Exporting to BigQuery

Stay organized with collections Save and categorize content based on your preferences.

This topic shows you how to export the asset metadata for your organization, folder, or project to a BigQuery table, and then run data analysis on your inventory. BigQuery provides a SQL-like experience for users to analyze data and produce meaningful insights without the use of custom scripts.

Before you begin

Before you begin, complete the following steps.

  1. Enable the Cloud Asset Inventory API on the project where you'll be running the API commands.
    Enable the Cloud Asset Inventory API

  2. Configure the permissions that are required to call the Cloud Asset Inventory API using either the gcloud CLI or the API.

  3. Complete the following steps to set up your environment.

    gcloud

    To set up your environment to use the gcloud CLI to call the Cloud Asset Inventory API, install the Google Cloud CLI on your local client.

    API

    To set up your environment to call the Cloud Asset Inventory API with the Unix curl command, complete the following steps.

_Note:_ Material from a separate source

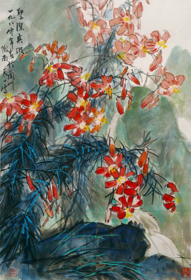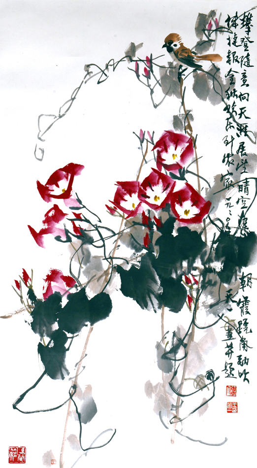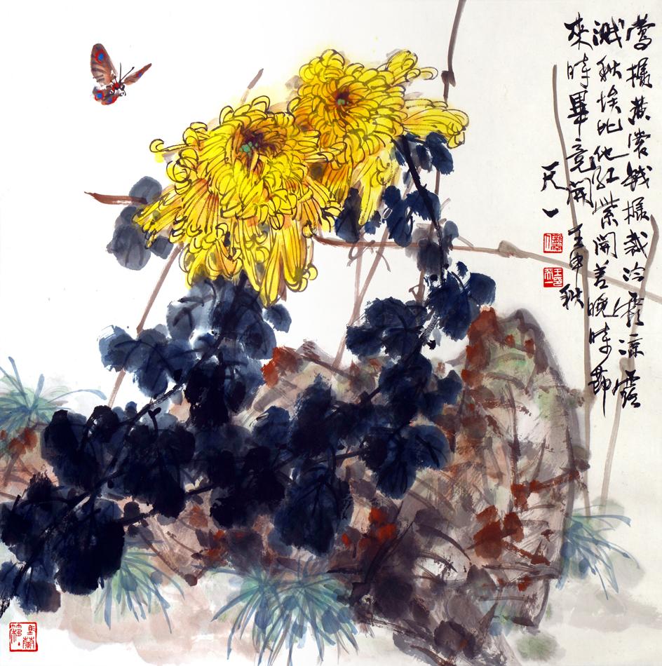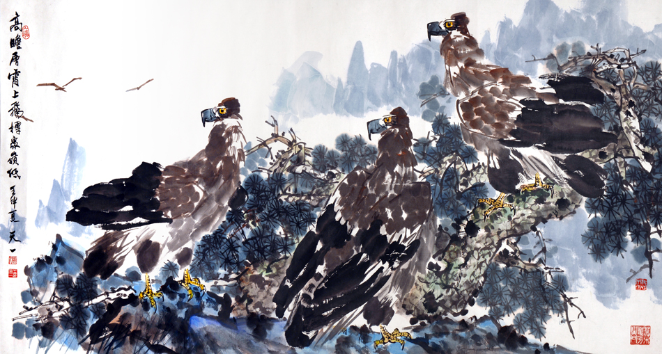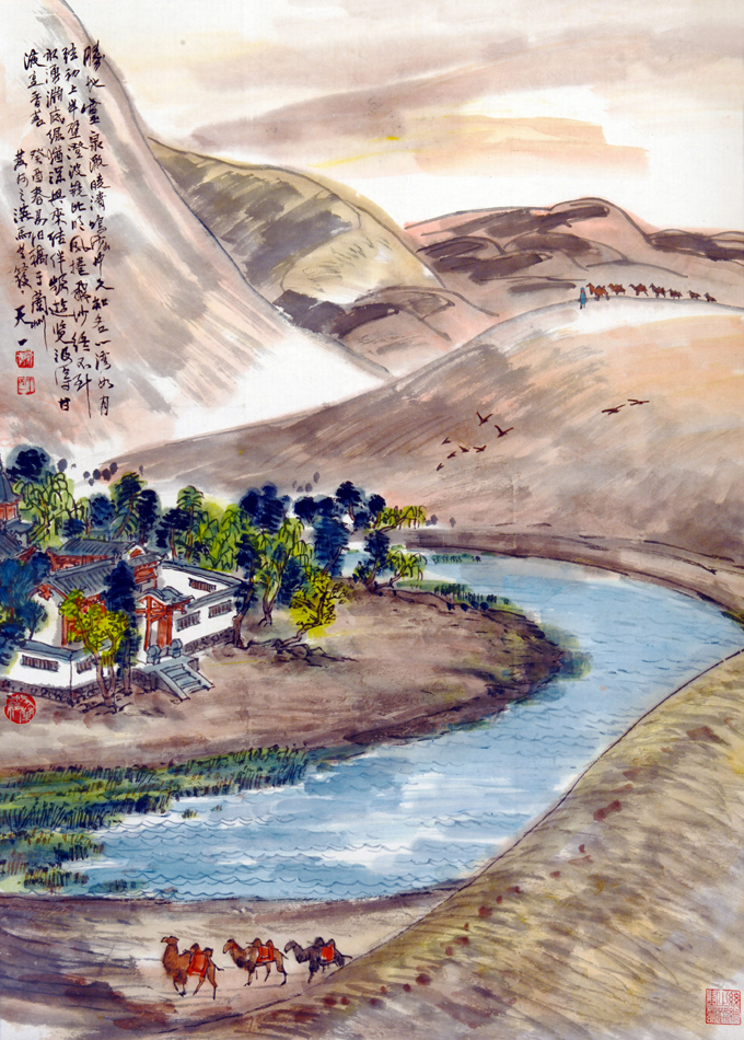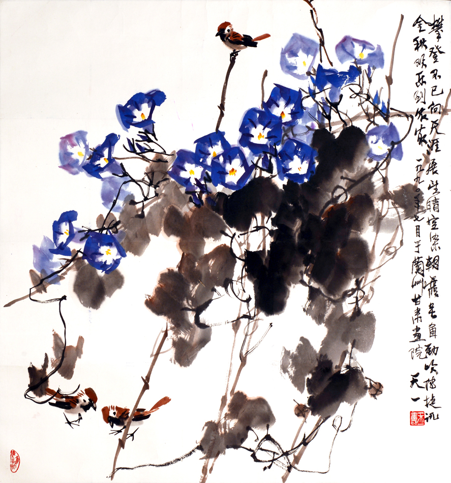 王天一(1926年—2013年),甘肃成县人,中国美术家协会会员,曾就职甘肃省博物馆。其擅花鸟,亦写人物、山水。画风率意、潇洒而严谨,在严谨中求自由,在规矩中求突破。王天一致力于中国花鸟画创新,开拓花鸟画题材新范畴,作品笔墨酣畅、挥洒自如,形成鲜明的个人风格。其一生出版著作颇丰,有《花鸟画技法浅说》《王天一花鸟画集》《中国当代名家画集——王天一》等三十余种。晚年,还创作诗意画《杜甫在陇右》。

    1. Install oauth2l on your local machine so you can interact with the Google OAuth system.
    2. Confirm that you have access to the Unix curl command.
    3. Ensure that you grant your account one of the following roles on your project, folder, or organization.

      • Cloud Asset Viewer role (roles/cloudasset.viewer)
      • Owner basic role (roles/owner)

    Note that the gcloud CLI uses the billing project as the consumer project. If you receive a permission denied message, you can check if the billing project is different from the core project:

    gcloud config list
    

    To set the billing project to the consumer project:

    gcloud config set billing/quota_project CONSUMER_PROJECT_NUMBER
    
  4. If you're exporting to a BigQuery dataset in a project that does not have the Cloud Asset Inventory API enabled, you must also grant the following roles to the service-${CONSUMER_PROJECT_NUMBER}@gcp-sa-cloudasset.iam.gserviceaccount.com service account in the destination project.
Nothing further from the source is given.